**To do**
Only the lines from the one containing "At the core" through the final line below belong in the output, copied exactly and without pictures.

════════════════

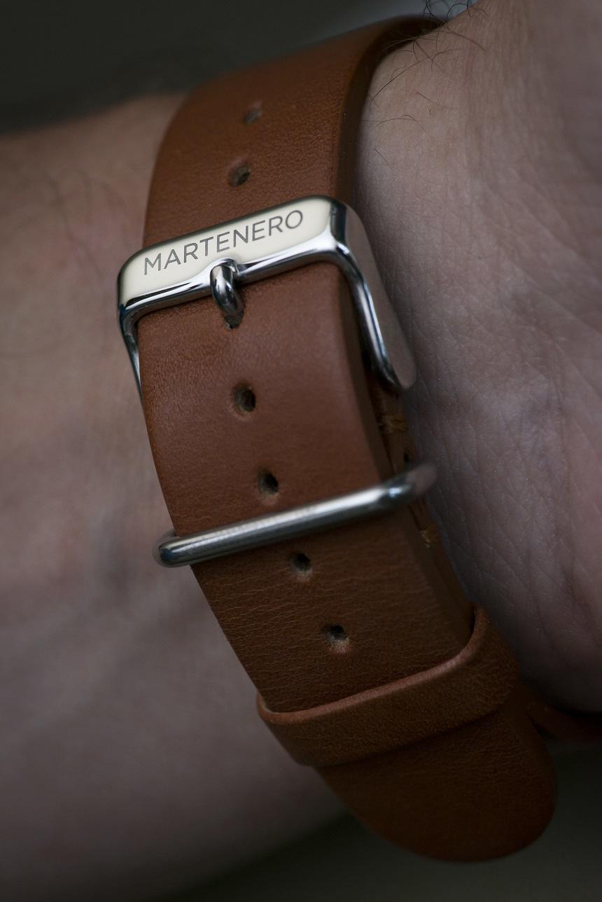 皮革和尼龍表帶均配有刻有 Martenero 品牌標(biāo)志的拋光帶扣,皮革表帶采用固定不銹鋼固定器和浮動皮革固定器的有趣組合。在佩戴帶有兩條表帶的手表并在許多不同的社交場合中佩戴后,我開始喜歡它如何將運(yùn)動風(fēng)格與整體優(yōu)雅外觀融為一體,使其成為任何場合的必備單品,具體取決于設(shè)置。
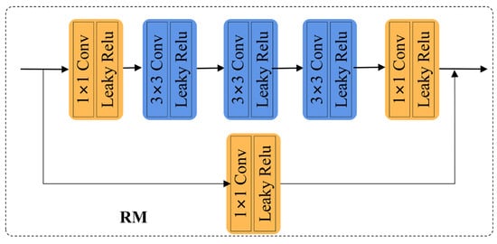 As shown in the first branch of Figure 4 for the intensity network, we feed the mosaiced RGB image, as well as the polarized light intensity images in the four polarization directions of 0°, 45°, 90°, and 135° into this network to enhance the intensity image. Inspired by the literature [26], our network architecture consists of three main components. First, the low-light image is decomposed into an illuminance map and a reflectance map by three convolutional layers; then, the decomposed image is used as input, and the noise in the reflectance map is suppressed by using the illuminance map as a constraint through six convolutional layers to realize the denoising purpose. Finally, the illuminance map obtained in the first part along with the reflectance map obtained in the second part are fed to the DRM module, through which the detail reconstruction module is finally used to obtain the ortho-light image with better visual quality. Due to the special jump connection structure of residual networks, it can make deep neural networks easier to optimize in the training phase without causing gradient vanishing or explosion. Therefore, inspired by the literature [27], we used multiple residual modules (RMs) in the network to obtain better decomposition and denoising results. The specific structure of the RM module is shown in Figure 5, where each RM contains five convolutional layers with convolutional kernel sizes of 1, 3, 3, 3, and 1, respectively. We added a 64 × 1 × 1 convolutional layer at the shortcut connection. Each RM has a 64 × 3 × 3 convolutional layer before and after it. Due to some of the correlation between our four polarized intensity images and the RGB images, we chose to process the correlation channels jointly. In addition, our ultimate goal was to achieve high-quality polarization imaging, so we added the intensity network-enhanced RGB images and the four polarization intensity images into the polarization information complementary network (PCN), which further ensured high-quality, high-fidelity imaging of the polarization images by means of Stokes vectors.
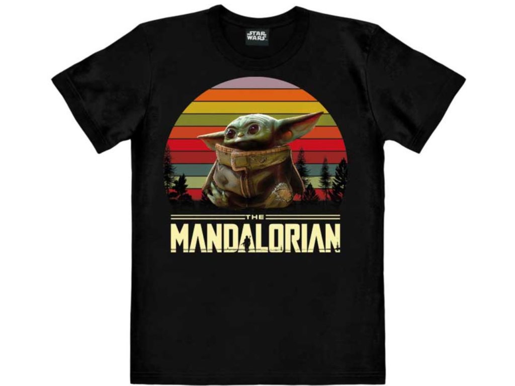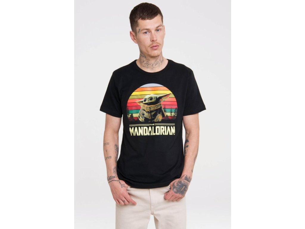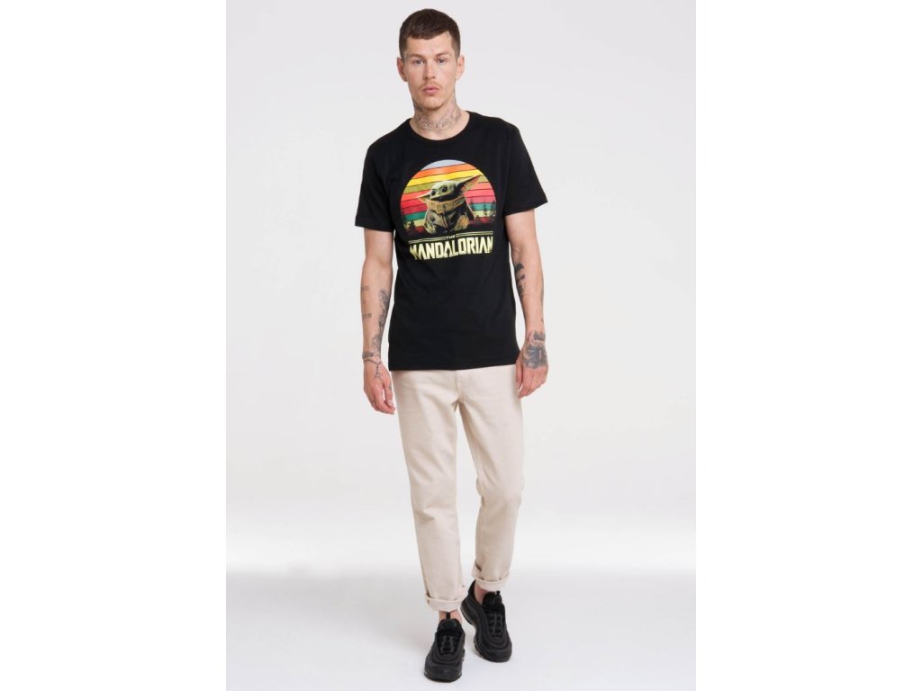 Černé pánské tričko s motivem postavy Baby Yoda ze seriálu Mandalorian.
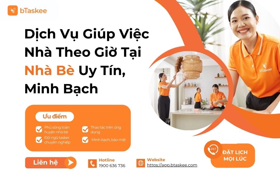 Dịch vụ giúp việc theo giờ tại Nhà Bè của bTaskee nổi bật với đội ngũ Ong Cam chuyên nghiệp, giá cả minh bạch, bảo mật thông tin tuyệt đối và quy trình đặt lịch nhanh chóng qua ứng dụng.
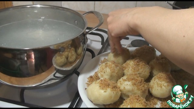 Блюдо или тарелку на которую будем выкладывать кнели посыпаем нашей посыпкой. Выкладываем готовые кнедли и сверху еще обильно посыпаем, можно обвалять в посыпке. Варим вторую партию и всё проделываем аналогично.
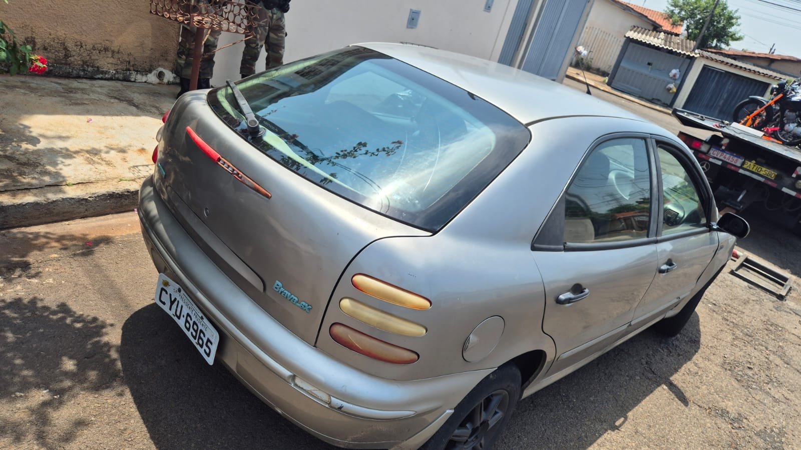 O veículo foi removido ao pátio municipal, e os bens foram restituídos à vítima. Os criminosos permaneceram à disposição da justiça.
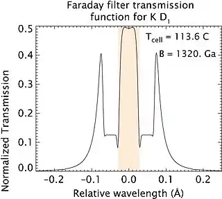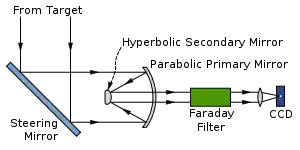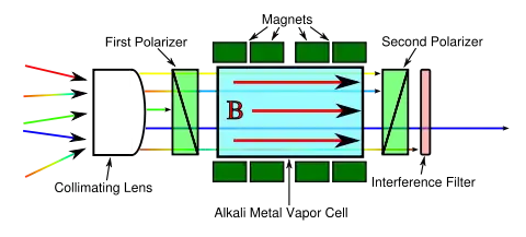 El filtro de Faraday, conocido como filtro magneto-óptico, FADOF o EFADOF (Excited Faraday Dispersive Optical Filter) se basa en la rotación del plano de polarización de la luz que atraviesa la celda de vapor por el efecto Faraday. La luz con frecuencias cercanas de las líneas de absorción atómicas del vapor atraviesa el filtro con intensidad cercana a la de la señal original pero con una polarización diferente, mientras que el resto de la radiación electromagnética se bloquea mediante filtros de polarización.[16] Este efecto está relacionado con el efecto Zeeman,[17] el desdoblamiento de las líneas de absorción atómica en presencia de un campo magnético.[18][19]
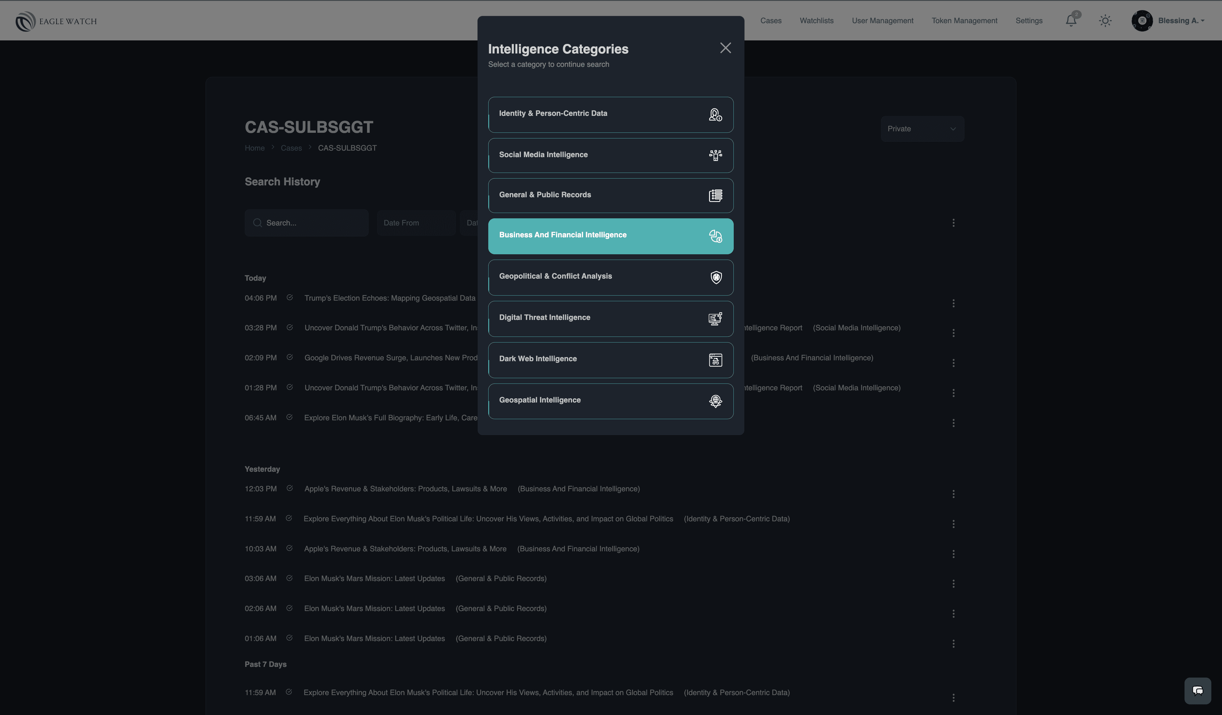 At the core of Eagle Watch is a Master Brain that autonomously interprets your search intent to deploy specialized agents across eight intelligence categories, eliminating the burden of manual investigation.
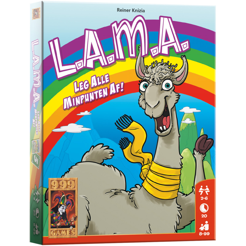 L.A.M.A. is een grappig, vlot en toegankelijk kaartspel met zeer eenvoudige spelregels! Het motto van L.A.M.A. is: Leg Alle Minpunten Af. Elke beurt probeer je kaarten af te leggen, anders krijg je er minpunten voor. Kun je niets afleggen, dan beslis je om te passen of een (hopelijk goede) kaart te trekken. Je krijgt minpunten in de vorm van fiches. Lukt het je om al je kaarten kwijt te raken, dan mag je een fiche teruggeven. En dat mag er één van waarde 1 of van waarde 10 zijn. Aan het einde wint de speler met de minste minpunten!
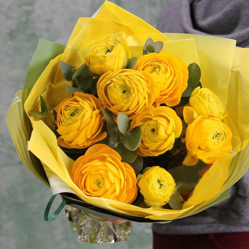 9 ранункулюсов не смогут оставить ее равнодушной, букет надолго останется в памяти, подарит яркие положительные эмоции.
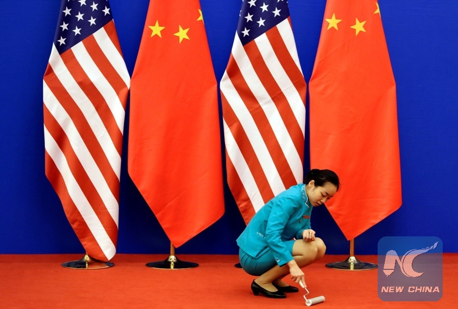 An attendant cleans the carpet next to U.S. and Chinese national flags before a news conference for the 6th round of U.S.-China Strategic and Economic Dialogue at the Great Hall of the People in Beijing, July 10, 2014. (Xinhua/REUTERS)
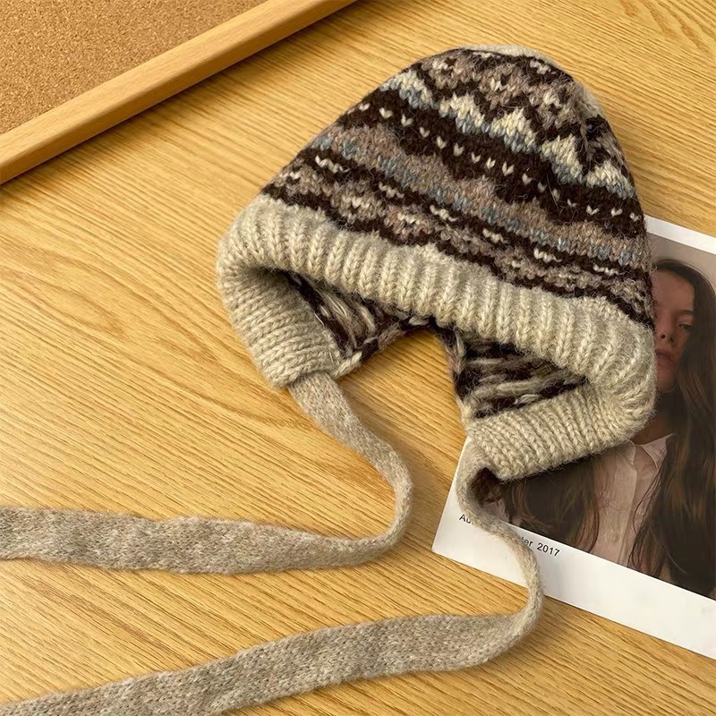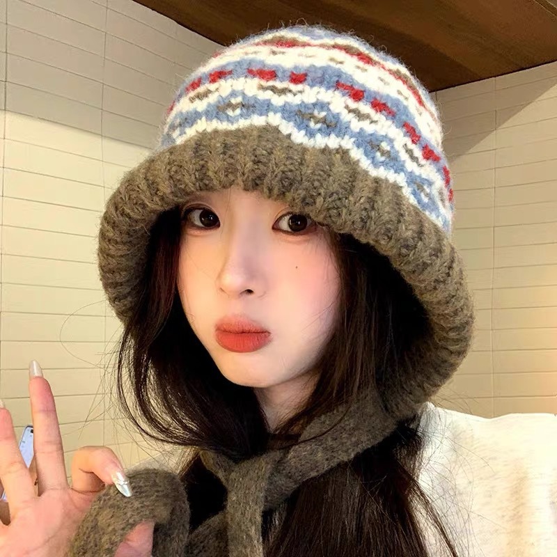 帽子女冬季针织加厚保暖韩版抽绳堆堆帽费尔岛风复古百搭毛线帽女

════════════════

**Problem solution**
 At the core of Eagle Watch is a Master Brain that autonomously interprets your search intent to deploy specialized agents across eight intelligence categories, eliminating the burden of manual investigation.
 L.A.M.A. is een grappig, vlot en toegankelijk kaartspel met zeer eenvoudige spelregels! Het motto van L.A.M.A. is: Leg Alle Minpunten Af. Elke beurt probeer je kaarten af te leggen, anders krijg je er minpunten voor. Kun je niets afleggen, dan beslis je om te passen of een (hopelijk goede) kaart te trekken. Je krijgt minpunten in de vorm van fiches. Lukt het je om al je kaarten kwijt te raken, dan mag je een fiche teruggeven. En dat mag er één van waarde 1 of van waarde 10 zijn. Aan het einde wint de speler met de minste minpunten!
 9 ранункулюсов не смогут оставить ее равнодушной, букет надолго останется в памяти, подарит яркие положительные эмоции.
 An attendant cleans the carpet next to U.S. and Chinese national flags before a news conference for the 6th round of U.S.-China Strategic and Economic Dialogue at the Great Hall of the People in Beijing, July 10, 2014. (Xinhua/REUTERS)
 帽子女冬季针织加厚保暖韩版抽绳堆堆帽费尔岛风复古百搭毛线帽女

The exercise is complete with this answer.